Description: Large Language Models (LLMs) are susceptible to automated jailbreak attacks using a fuzzing framework that generates variations of existing jailbreak prompts. This vulnerability allows bypassing built-in safety mechanisms, leading to the generation of harmful or unintended outputs. The vulnerability stems from the LLMs' inability to consistently recognize and reject semantically similar, but subtly different prompt variations generated through automated mutation techniques.

Examples: See the GPTFuzzer repository. Specific examples of successful jailbreaks against ChatGPT, Llama-2, and other LLMs, using automatically generated prompts, are extensively documented in the paper.

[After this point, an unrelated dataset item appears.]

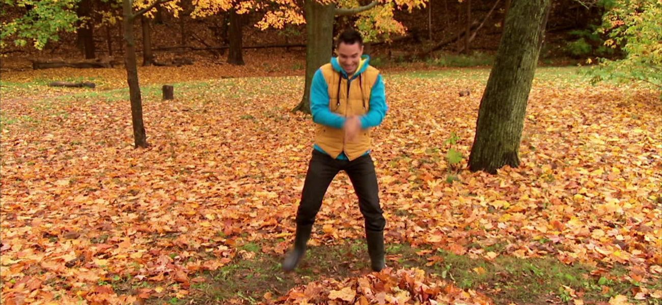 Josée and Louis introduce fall. Here, they play in the leaves.

Impact: Successful exploitation of this vulnerability can lead to the generation of harmful content, including but not limited to instructions on illegal activities, hate speech, and misinformation. This compromises the safety and reliability of LLM-integrated applications and services.

Affected Systems: Various commercial and open-source LLMs, including but not limited to ChatGPT, Llama-2, Vicuna, Bard, Claude-2, and PaLM2. The impact potentially extends to any application incorporating these models.

Mitigation Steps:

Enhance LLM safety mechanisms to be more robust against prompt variations and mutations.
Implement more advanced detection methods for identifying and rejecting jailbreak attempts, considering semantic similarity and contextual understanding.
Regularly update and retrain models to incorporate new adversarial prompt patterns.
Employ robust input sanitization and validation procedures before feeding data into the LLM.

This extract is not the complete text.